This study aimed to evaluate a diverticular disease PRS in a diverse cohort. Using phenome-wide association studies (PheWAS) of the PRS, we identified conditions associated with heightened genetic risk for diverticular disease. To assess performance in risk stratification, the PRS was included as a covariate alongside demographic and clinical risk factors in models predicting diverticulitis outcomes.
Methods
Study population and phenotyping
Our primary analysis used the All of Us Research Program while a secondary analysis used Vanderbilt University Medical Center’s biobank (BioVU). The All of Us Research Program is a longitudinal prospective cohort study combining electronic medical records with genetic information for 413 000 participants.18 BioVU is a genomic repository associated with a deidentified database of clinical records from a tertiary care centre.19 Adult participants age 18–90 years with available short read whole-genome sequencing data and electronic medical records were eligible for inclusion.

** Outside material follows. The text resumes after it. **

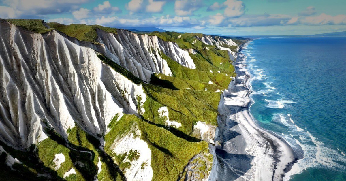 Остров Итуруп также известен своими белыми скалами. Расположенные недалеко от деревни Рейдово, они находятся всего в двадцати километрах по тропе от Рейдово до Белых скал и Ветреного перешейка.

Phenotyping for the PheWAS analysis used phecodes for diverticular disease, which were mapped from International Classification of Disease, 10th revision (ICD-10) codes. Since positive predictive values range from 0.67 to 0.92 when identifying complications via ICD-10 codes alone,20 21 we adopted a validated rule-based phenotyping algorithm for diverticulitis complications in the risk stratification portion of the analysis. This algorithm combined diagnostic codes, procedural codes, settings of care and temporal relationships between codes (online supplemental material).21 A person was defined as having severe diverticulitis when they had either two inpatient admissions for diverticulitis or a procedure performed for diverticulitis (colectomy or percutaneous drain). Mild diverticulitis was defined as receiving a diagnostic code for diverticulitis in the outpatient setting or with no more than one inpatient admission, while cases of asymptomatic diverticulosis were exclusively assigned diagnostic codes for diverticulosis. Participants with second-degree relatedness or greater were excluded via the auxiliary relatedness files from the All of Us Research Program and via PLINK2’s implementation of KING’s robust estimator for BioVU.22 Participants with a diagnostic code for colorectal cancer or an inflammatory bowel disease were also excluded. Covariates were extracted from structured clinical data elements including age, sex, body mass index (BMI) and ever smoking status.
Supplemental material
Genotyping, imputation and quality control
The All of Us Research Program Controlled Tier V7 short read whole-genome samples were sequenced on the Illumina NovaSeq 6000 system with a standardised variant and sample quality control pipeline.23 24 In BioVU, 91 449 individuals were directly genotyped with the Illumina Expanded Multi-Ethnic Genotyping Array followed by imputation of autosomal small nucleotide polymorphisms (SNPs) to the TOPMed version R2 reference panel using the TOPMed imputation server.25 Preimputation and postimputation quality control was performed to limit analyses to high-quality SNPs and samples (online supplemental material).26 27 We identified samples genetically similar to gnomAD descriptors of 1000Genomes reference samples (1 KG) using precomputed data in the All of Us Research Program and principal component analysis in BioVU.28 These do not reflect distinct biologic groups but represent artificial thresholds when considering genetic similarity to reference panels.29 Throughout the manuscript, we adopt EUR, AFR, and AMR abbreviations to refer to individuals with genetic similarity to the reference European (EUR), African (AFR) and Admixed American (AMR) 1 KG samples, respectively. Alternative methodologies for assigning genetic similarity were explored with minimal differences in the distribution of groups (online supplemental material).
Polygenic risk score
The 44-SNP PRS used in this study was previously derived from a UK Biobank GWAS of European participants through conditional and joint analysis with validation in the Michigan Genomics Initiative.4 9 In this GWAS, pathway enrichment analysis suggested immunity, cell adhesion, membrane transport/signalling and intestinal motility as biological processes important to the onset of diverticular disease. In the PRS, the five variants with the largest effect sizes (rs763969618, rs115490395, rs56044859, rs4333882 and rs1802575) were associated with genes implicated in membrane transport (SLC35F3, SLC6A17) and cell adhesion (ELN, EFEMP1, PCDH10).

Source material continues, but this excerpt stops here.